• U.S.

MAINE: Skirmish on Munjoy Hill

4 minute read
TIME

Like many another U.S. city, Portland (pop. 77,000) worries about its people’s failure to take much interest in town affairs. Only 25% of its citizens bothered to vote in recent elections. In their search for a cure, Portlanders recently reinstituted an old down-East tradition, the town meeting. They began holding three a year, each in a different section, with the idea of covering the city’s twelve chief districts in four years.

Last week the town meeting was held at Jack Junior High School on Munjoy Hill, an old, rundown, Irish-leavened working-class district. The Hill’s toothless, white-haired 84-year-old Councilman Billy O’Brion afforded the meeting some rare advertising. “That section,” he cried, “is well taken care of by yours truly. There are just a few windbags up there who want to explode. All these town meetings are a frame-up.” After calling Portland’s City Manager Lyman Moore and the rest of the council “a bunch of crooks,” O’Brion announced that the meeting would have to get along without him.

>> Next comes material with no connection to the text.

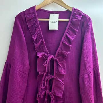 Solid blouse Cotton gauze Long sleeves One size Made in Italy

By meeting time, as a result, almost 500 Munjoy Hill residents had crowded into the school auditorium and 100 had been turned away. The excitement began almost as soon as the city manager, the councilmen and other officials sat down on the stage. One Bob Rowe, a middle-aged postal clerk who wildly opposes the city government, rose and said: “It will be proved that Munjoy Hill has been neglected.” He heckled persistently. Finally the crowd cried: “Sit down.” But a fat man named William Holland was cheered when he rose, knocking a fellow citizen’s hat awry, and teed off on the city manager.

Smiling Irishman. The city’s snow plowing, Holland said, in a rich Irish brogue, “is a disgrace to Portland. I shovel out my driveway and the city plows fill it up again. I called the city garage and told them to clean it away. The garage said, ‘Billy, you’re overweight. Clean it out yourself.’ ” The crowd roared with laughter. Billy added good-naturedly, “We can drive you out of power on that issue alone.”

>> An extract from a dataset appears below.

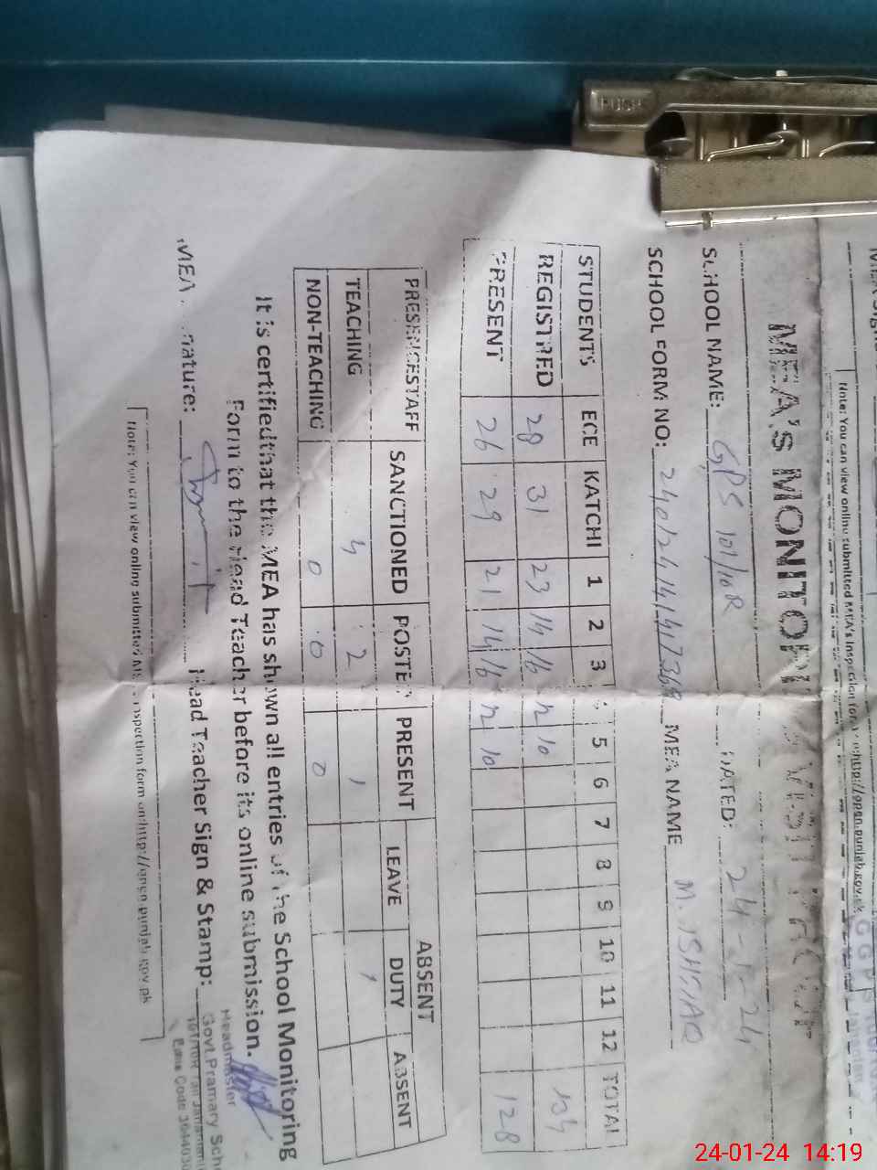 | Attendance Register | Head Teacher | MEA with School | Visit Proof |

But a majority at the meeting had come in a serious mood. They wanted to talk about improvements, not politics, and demanded them in no uncertain tones. At one point, when City Manager Moore noted that Portland had two garbage collections a week, the men & women of Munjoy Hill hooted with delighted sarcasm. “Once, Tuesday mornings,” piped a little man in the third row. Moore seemed startled, and promised to correct it.

He was brought up short again when an irate citizen asked how long a nearby rubbish dump was going to be permitted to burn. The city manager, who lost his sense of smell apparently as the result of a sinus infection ten years ago, did not realize that the stink penetrated even into the auditorium. When he said: “It isn’t burning—the city is operating a wet dump,” new hoots of laughter arose. He looked startled again, jotted down a changed opinion of how the dump smelled.

Toilets & Trash Baskets. The crowd voiced its feelings with acrimony on other subjects: unclean school toilets, school bus service, street trash baskets, abandoned trolley rails. But the people of Munjoy Hill did more than complain. By a show of hands, they worked out a compromise plan for night automobile parking on public streets: repeal of a present city ban except in winter when snow plows must reach the curbs. They decided they did not want to spend tax money on lights for a softball playing field.

With an air of achievement, the crowd left the hall. The first town meeting last year persuaded officials to rewrite the $7,000,000 budget and include construction of a $600,000 sewer project. Portland had achieved no miracles, but in trying to recapture the sturdy spirit of the New England past, it was proving that any citizen could still have his say, and at times even have his way.